Ülkemizde, Türkiye pasaportu taşıyan herkesin farklı dini inancı ve anlayışı vardır. O zaman, belli şeriat kurallarına göre Müslüman olmayan vatandaşların Türk olmadığını savlayabilir miyiz? İslam dininin diğer semavi dinlerden en bariz farkı, meziyeti hatta üstünlüğü kurumsallaşmamış olup, Yaratıcı ile kulun arasına hiçbir sınıf, zümre, kurum ya da insanın giremeyeceğidir. Bundan da başka, kutsal kitapta dinde zorlama olamayacağı hükmü açık ve net iken, adeta Türk vatandaşlığı pasaportuna sahip olabilmek için ileri sürülen din koşulu, hem de belirli bir formda din koşulu ulus tanımına da, tek millet tanımına da uymamaktadır.

Sovyetlerin Afganistan’ı işgalinde “yeşil kuşak” tezini ortaya atan ABD, her nedense, Sovyetlerin dağılımından sonra Türkiye’yi İslam alemine model olarak sunarken (ne büyük bir hadsizlik!) bu kez de “ılımlı İslam” tezini ileri sürdü. Şimdi soruyorum; acaba din uleması, ilahiyat camiası ve halkımız ABD’nin değişen sloganını nasıl algıladı? Acaba, halkımıza yedirilen iyi Müslüman’ın tek niteliğinin “Alnının secdeye değmesi” midir ki, bu slogan dünya alem dolaşır oldu! Alnın secdeye değmesi, kutsaldır, fakat bu eylem Yaratıcı ile kul arasındaki muhasebe alanına aittir.
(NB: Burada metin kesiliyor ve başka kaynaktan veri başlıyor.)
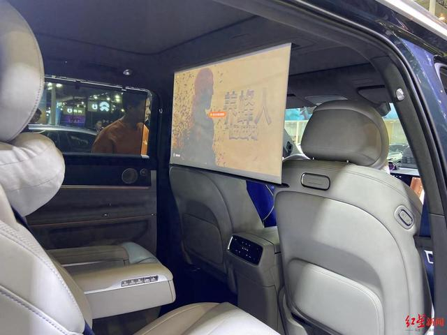 在车内躺平看投影电影是什么体验?展会现场,华为问界M9内部的升降屏、折叠座椅让SUV秒变“家庭影院”。
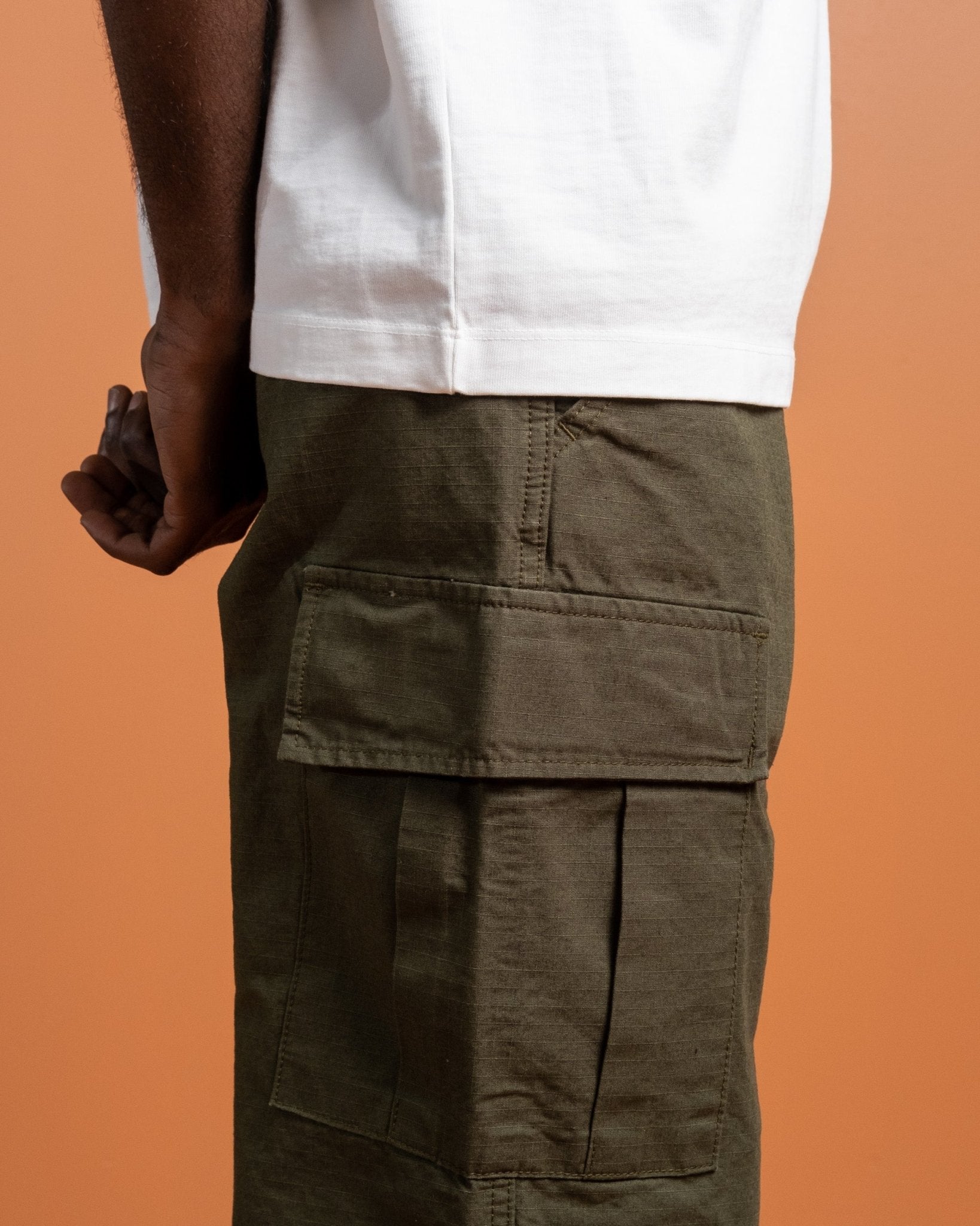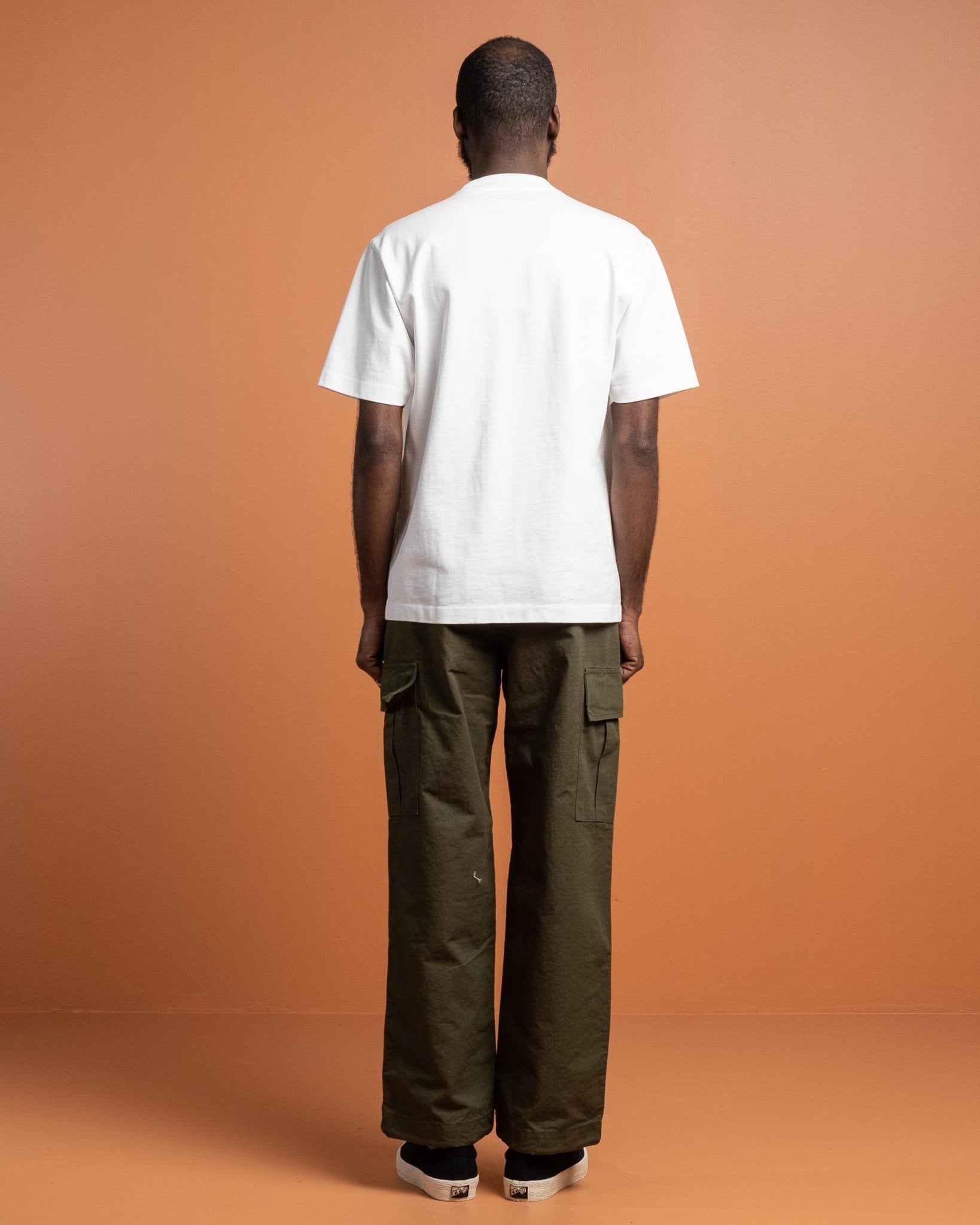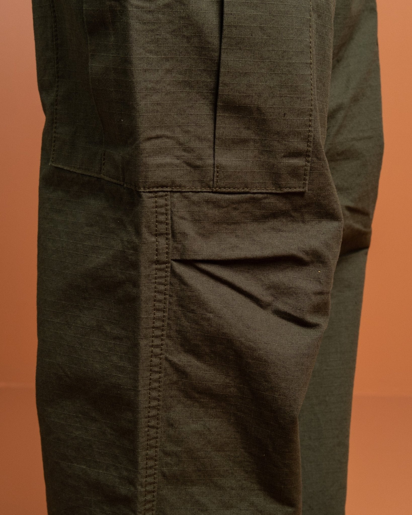 J28712J01 Pantaloni Cargo Militari Moderni di Japan Blue Jeans. Pantaloni dal taglio rilassato e ampio realizzati in tessuto di cotone ripstop. Due tasche anteriori, due tasche posteriori e due ampie tasche cargo. Chiusura con zip, passanti per cintura e orlo regolabile tramite coulisse. Tessuto molto resistente in un bel colore verde oliva. Prodotto in Giappone.

Buna mukabil, insan - insan ilişkisi alanına giren muhasebe işleminde ise bireyin yalan söylememesi, vadettiği durum ya da ilkeden vazgeçmemesi, emanete ihanet etmemesi, elindeki güce dayanarak kul hakkı yememesi, çevresine eziyet etmemesi olarak sayılabilir. Şimdi, anlatabiliyor muyum, emperyalistin ılımlı İslam tezi ile ne kastettiğini? Kutsal inancın deruni felsefesine girilmeden ve buna ilişkin kuralların ihlal dahi edilebilecek şekilde koca ulusun sadece şekli uygulamaya koşulmasıyla gerçek ve samimi inançların dahi zamanla tahribe uğratılması amacının güdüldüğünü ilgili teşkilatlar nasıl olur da görmez ya da görmezden gelir! Bilime, felsefeye ve akla yer vermeyen batıl politikalarla koca bir ulus Yaratıcı’nın kulluğundan emperyalistin kulluğuna dönüştürülmektedir. İsrail’in El-Ezher Üniversitesini bombalaması nasıl olur da ilgili ulema takımının gözünden kaçar!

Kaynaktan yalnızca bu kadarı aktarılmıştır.